Several countries allows foreign corporations to operate in their country, which helps them increase their foreign investments and employment opportunities for their local population.Thus, it is regarded as two way benefit approach in which the companies’s parent country also gets the benefit of expanding the business and increasing their consumer base. However, most people think that it increases the competition in the target countries, which would impact their local businesses. Thus, disrupting the economic growth and increasing dependency of these countries on foreign products.
This essay will discuss both merits and demerits, along with my opinion. To begin with, increase in investment from foreign companies leads to better infrastructural developement and employment opportunities, which is essential for under developed and developing countries, which are often gripped with these issues. For instance, advent of multinational corporations have helped the increase in per capita income of such nations, they often find it difficult to generate quality jobs in market.

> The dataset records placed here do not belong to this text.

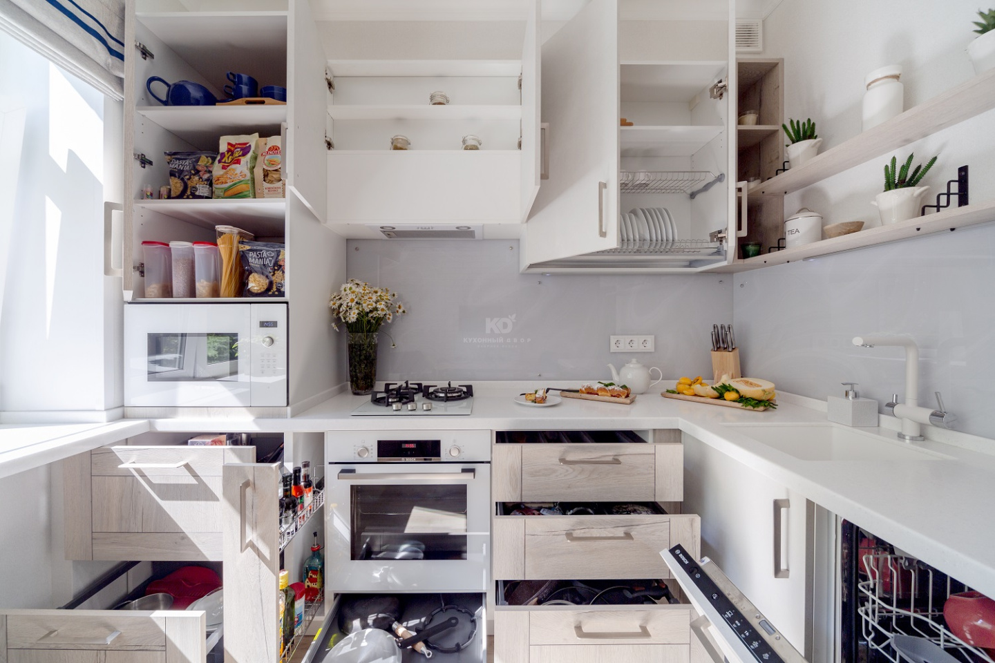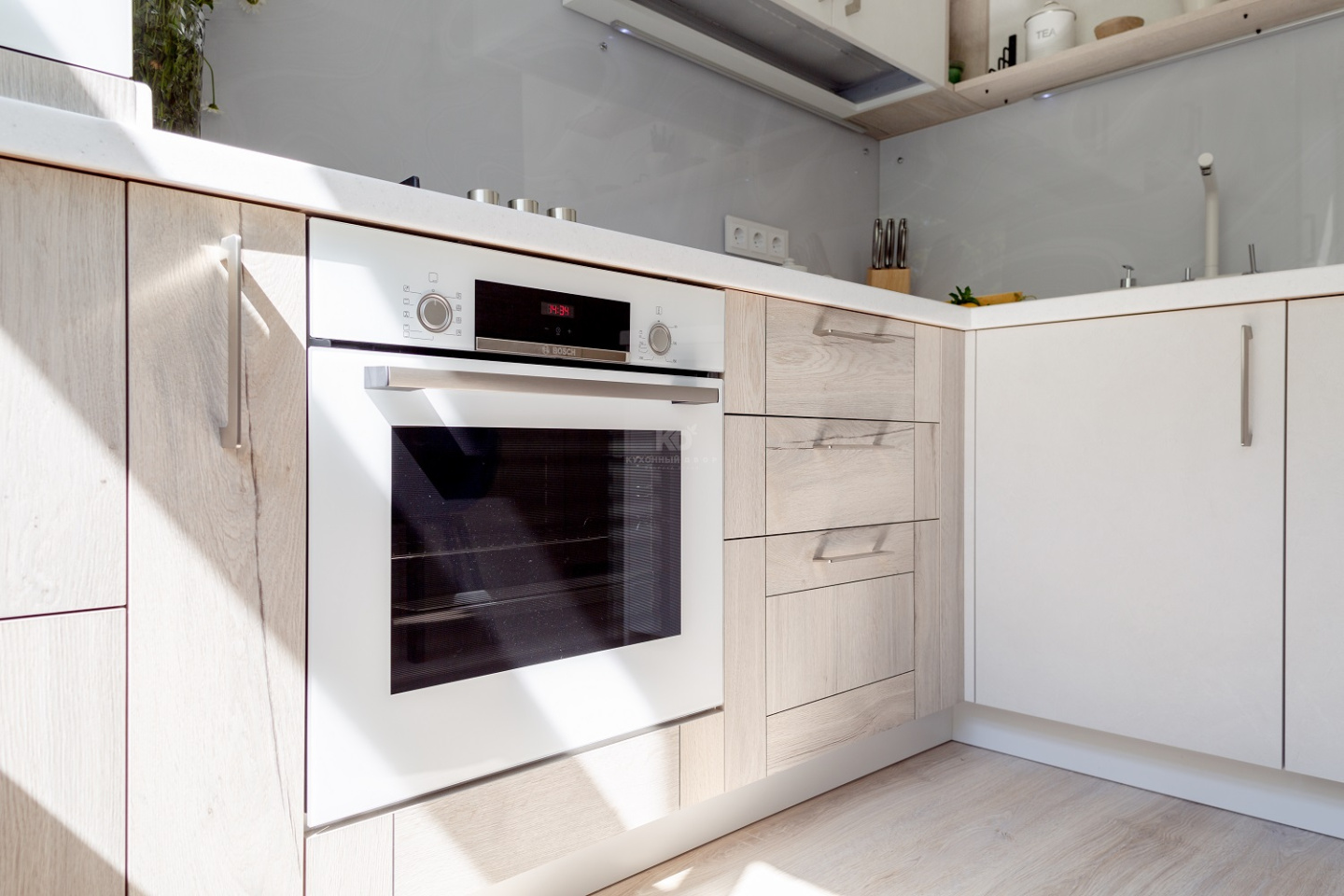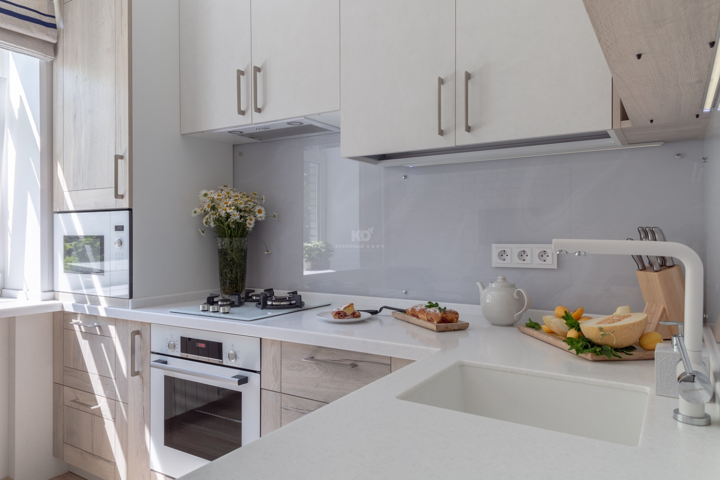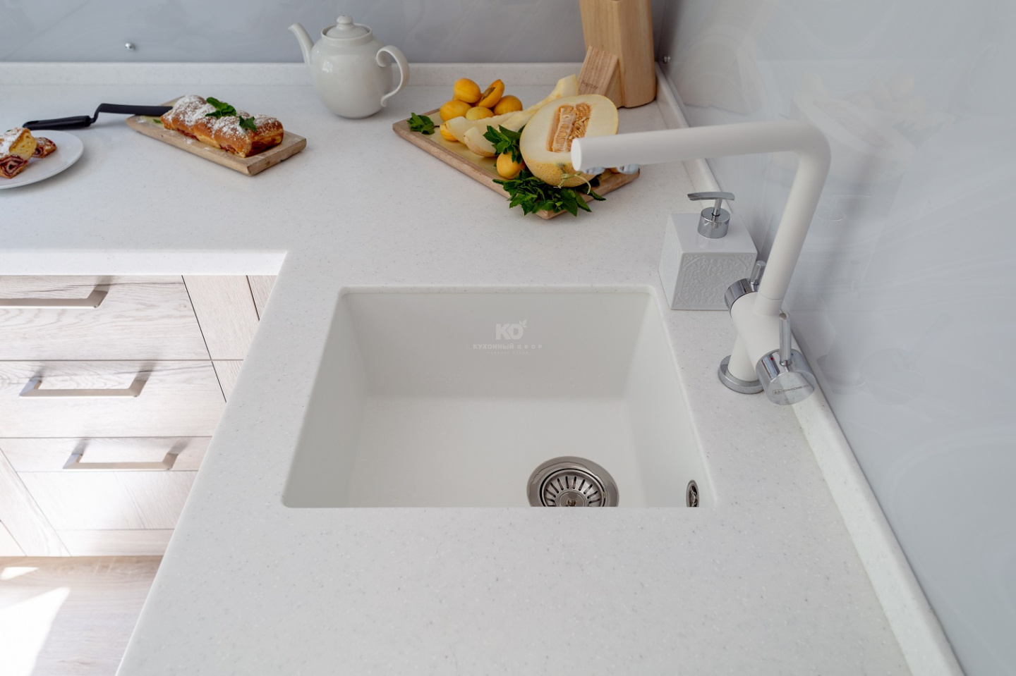Под стать фасадам и столешница! Она создана из невероятно прочного и долговечного искусственного камня. В цвет столешницы подобрана стильная мойка и смеситель, а также вся встраиваемая техника. Здесь есть посудомоечная машина, мощная СВЧ, духовой шкаф и компактная варочная поверхность. В общем, всё, что необходимо для кулинарного творчества!
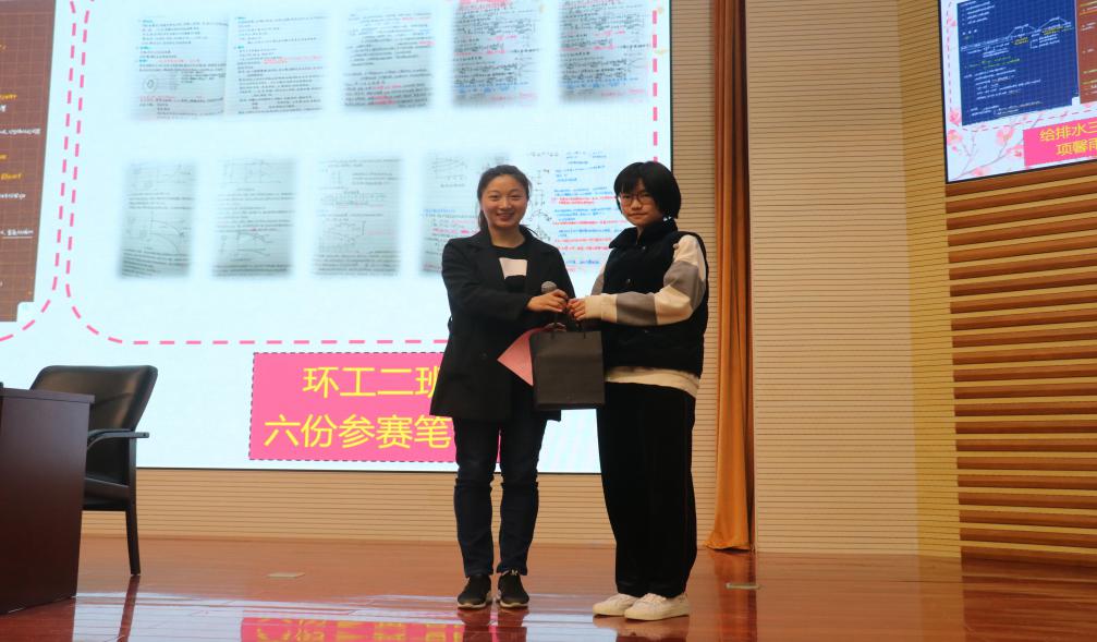 之后,大会进程进入第二部分,进行了第二届学霸笔记颁奖典礼,学霸笔记评比是综合专业老师意见、社交平台投票、员工意见评选出来的。在金老师的主持下,由曹书记和各位学长学姐给优秀笔记获奖者颁发了奖品并进行合影留念。该评选活动意在鼓励大家加强自身专业学习,创建优良学风。
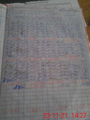 | CNIC | Full Name | Designation | R/C | Absence During Last Calender Month |
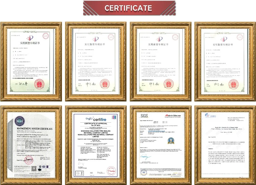 We have achieved ISO9000 certificate , UK CERTIFIRE certification from UK Warrington Fire Research Centre and other international testing institutions. All products comply with requirements of BS476 part 20-22, and EN BS 1634-3, EN BS13501-2. We have exporting to Europe, America, and Asia as well as other countries.
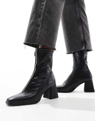 Shoes by Stradivarius Double-tap worthy Pull-on style Zip-front fastening Square toe Mid block heel
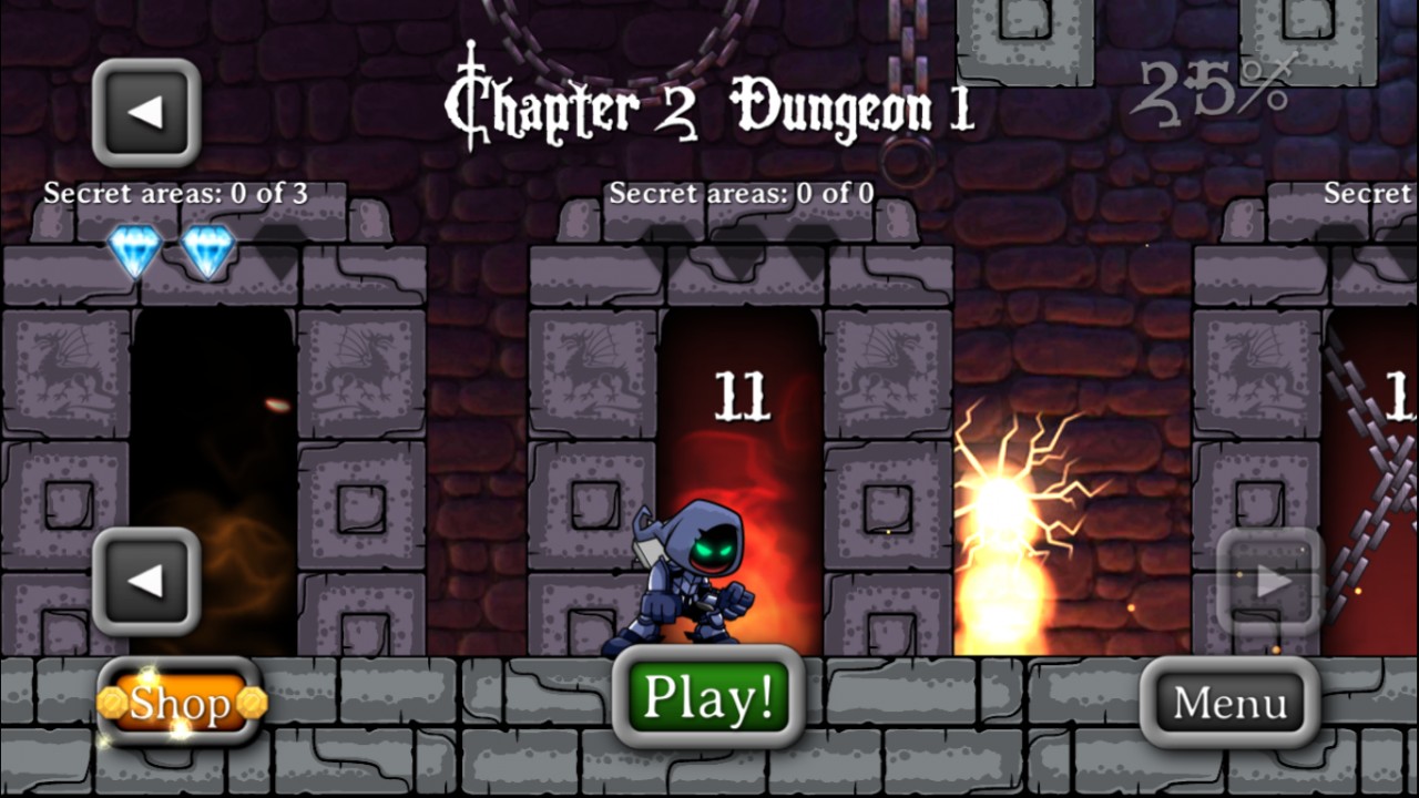 Mając szatę przypisaną wiatrowi jesteśmy niewrażliwi na kolce, mając szatę ziemi możemy skakać po specjalnych platformach, mając pierścień pod kategorią ciemności jesteśmy niewrażliwi na duchy, a mając broń przypisaną do światłości możemy przenikać przez świetlane ściany, które blokują każdą broń. To, co naprawdę jest tutaj pozytywne, to sekrety. Czy to dodatkowe monety, czy nawet specjalny ekwipunek, to wszystko można znaleźć będąc niesamowicie uważnym, skacząc nawet po platformach, na których wzrok się urywa. Jest też forma dodatkowych monet, które można zdobyć zbierając diamenty. Na każdy poziom przypada ich 3. Jak na grę mobilną jest dość wciągająca, jednak jest też trudna, z każdym poziomem jest coraz ciekawiej. Szkoda jednak braku płynnych animacji, jednak i tak jak na aplikację mobilną jest dobrze zrobiona. Polecam dla użytkowników tabletów.
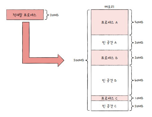 - 프로세스가 적재될 수 있는 가장 작은 공간에 프로세스 배치
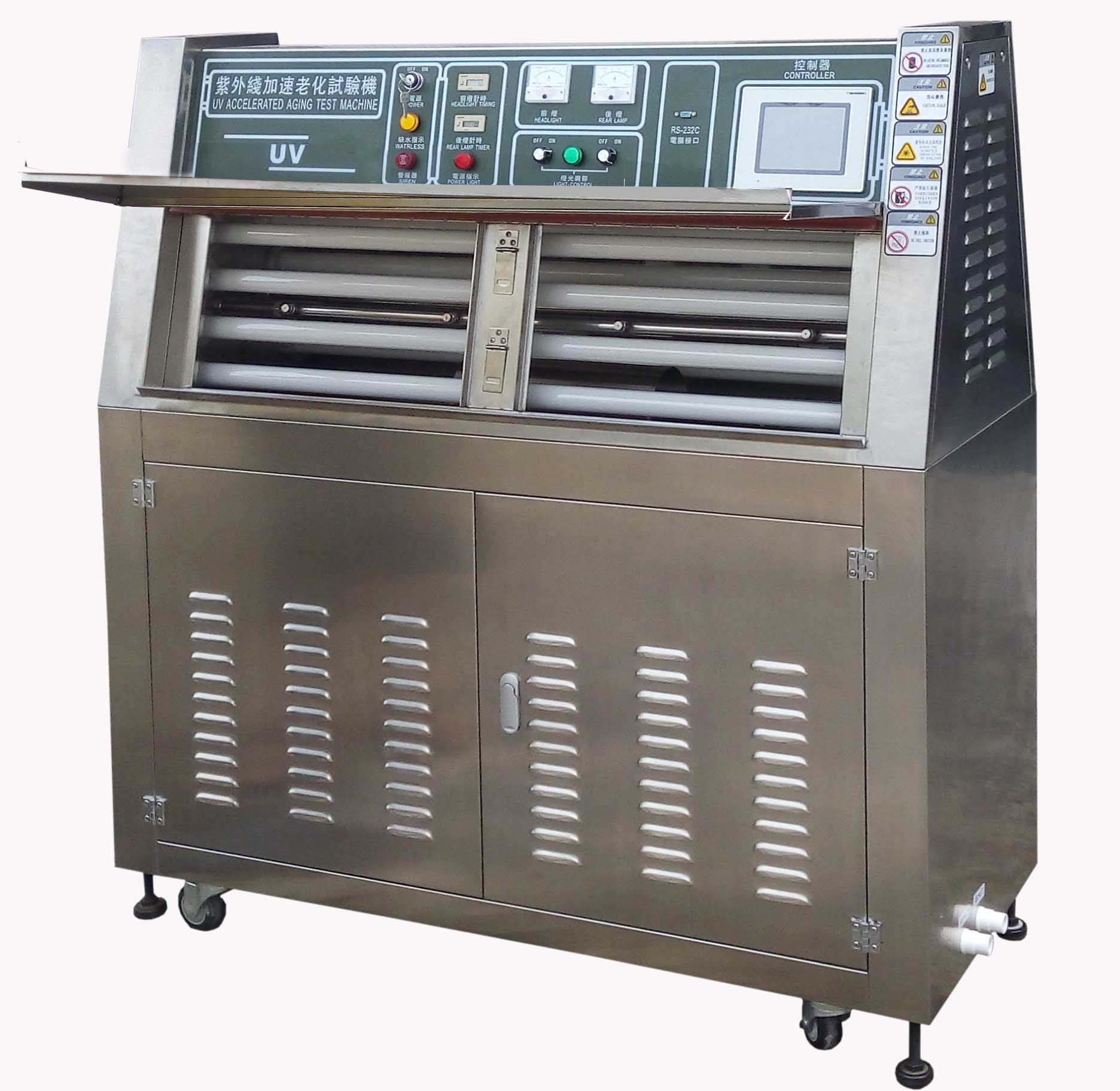 UV Aging Box Equipment featuring sun UV simulation, low cost of maintenance, ease of use, automatic operation with control, high degree of automation in testing cycles, good light stability, and high reproducibility of test results.
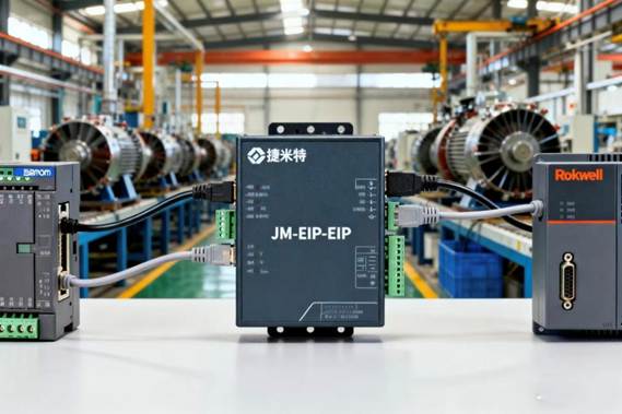 捷米特JM-EIP-EIP工业数据采集转换网关以"透明管道"方式打通同协议不同生态的壁垒,为电机厂柔性制造提供了一条低成本、高可靠、快交付的捷径,也成为后续数字化、孪生、预测性维护的数据高速公路。

However, most people think that government should promote the local businesses, because with the advent of multinational corporation these businesses face stiff competition and most of them are not able to survive in long term. In addition of this, the developing and small island countries are mostly dependent on large corporations of developed nations. For example, small countries like Nepal and Maldives are dependent on western companies and their products. This leads to unequal diplomatic standing and could influence the local politics of the country.
In conclusion, I believe that there should be integration in both approaches, in which there should be a set limit in foreign investment and infrastructural setup a country allows from foreign nations, so that the local businesses are not hindered by excessive influence of these organisations.